Карин Слотер - Инстинкт убийцы
— Он был одним из нас, — сообщил Уилл. Ему не хотелось произносить имя Уоррена Гриера вслух, тем самым словно возвращая его к жизни. — Все детство он провел то в приемных семьях, то в детском доме. Он был совсем один.
Глаза Энджи на мгновение смягчились.
— Ты был с ним, когда он умер?
Уилл кивнул. Он должен был верить в то, что был рядом с Уорреном, когда тот делал свой последний вздох.
— Значит, он был не один, верно? — подсказала Энджи.
Уилл перекатился на бок, чтобы взглянуть на нее. Она была одета в шорты и белую блузку, настолько тонкую, что сквозь нее просвечивал черный бюстгальтер. Лео Доннелли такое должно было понравиться. Он, наверное, уже успел раззвонить об этом половине своего отряда.
— Я знаю, что ты знаешь, что ты не беременна.
— Я знаю, что ты знаешь.
Ему нечего было добавить к уже сказанному.
— Хочешь бутерброд? — спросила она.
— Ты оставила майонез на столе, и он испортился.

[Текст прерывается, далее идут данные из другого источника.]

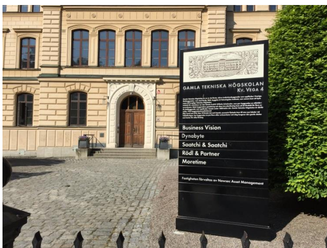
42. Drottninggatan. Kulturhistoriskt värdefulla byggnader kan vara svåra att skylta på, särskilt om många olika verksamheter ska dela på utrymmet. En samlande skylt i platspecifikt utformning för flera verksamheter kan då vara en lösning. //om möjligt hitta bild där skylten är öppen nertill för ökad trygghet//

På några platser, vid vissa byggnader och för särskilt allmänt viktiga verksamheter kan fristående verksamhetsskyltar vara den mest lämpliga skyltningen. Tänk särskilt på att inte skymma utfarter eller siktlinjer i staden. Skylten kan med fördel utformas så att den är öppen längst ner så man ser om någon står bakom – en viktig trygghetsfråga.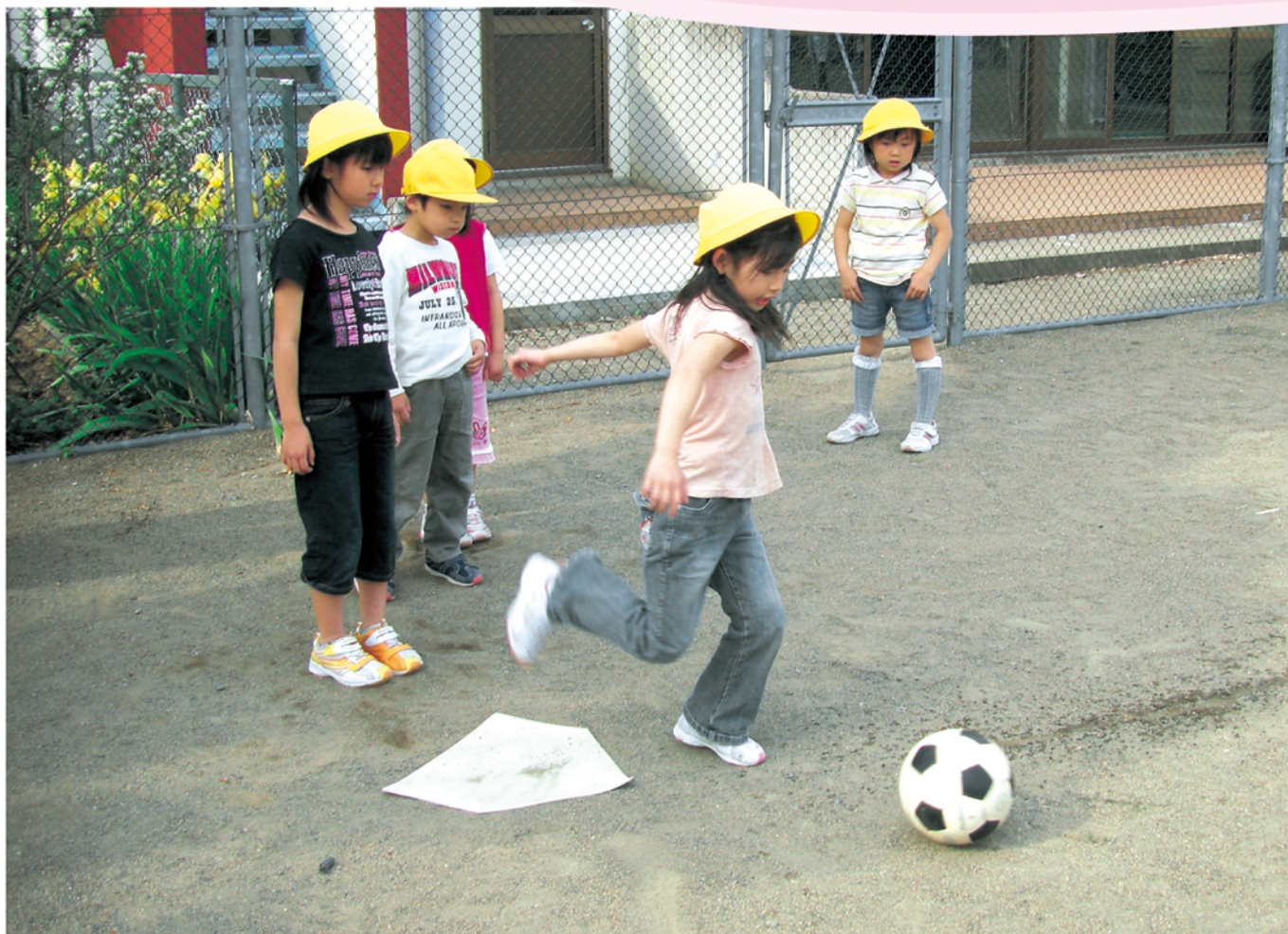
屋代児童センター

社会福祉法人 千曲市社会福祉協議会 〒387-0011 千曲市杭瀬下二丁目6番地 TEL.026-272-0252 FAX.026-272-6557 E-mail: shakyokc@valley.ne.jp

Она насмешливо улыбнулась.
— Я купила новую банку.
Уилл почувствовал, что улыбается в ответ. Это было самое лучшее, что она для него сделала за очень долгое время.
Энджи повернулась, чтобы выйти, но остановилась.
— Я рада, что ты распутал это дело, Уилл. Никто, кроме тебя, не нашел бы эту девушку живой.
— Я в этом не уверен, — признался он. — Ты же знаешь, что удача в таких делах — зачастую дело случая.
— Не забудь сказать об этом своему говнюку учителю.
Эван Бернард… Неужели предстоящий судебный процесс над учителем чтения — это действительно случайность? Или он состоится благодаря проницательности Уилла? Со временем следователь, которому поручили бы это дело, все равно проверил бы все диски в кабинете Уоррена. К тому времени Эван Бернард мог податься в бега, но обличающие его улики все равно были бы обнаружены.
— Если ты будешь хорошо себя вести, мы можем снова испытать журнальный столик.
— Лучше стул. У меня болят колени.
— Я не выйду замуж за старика!
Он не стал указывать на очевидный факт, а именно на то, что она вообще ни за кого не собирается замуж. Она не выставила свой дом на продажу, а подаренное им кольцо носила, только когда это совпадало с ее планами. И вообще, сколько Уилл знал ее, единственным обязательством Энджи было не иметь никаких обязательств. Единственное обещание, которое она сдержала, заключалось в том, что она снова и снова появлялась в его жизни, невзирая на многочисленные заверения в том, что это больше не повторится.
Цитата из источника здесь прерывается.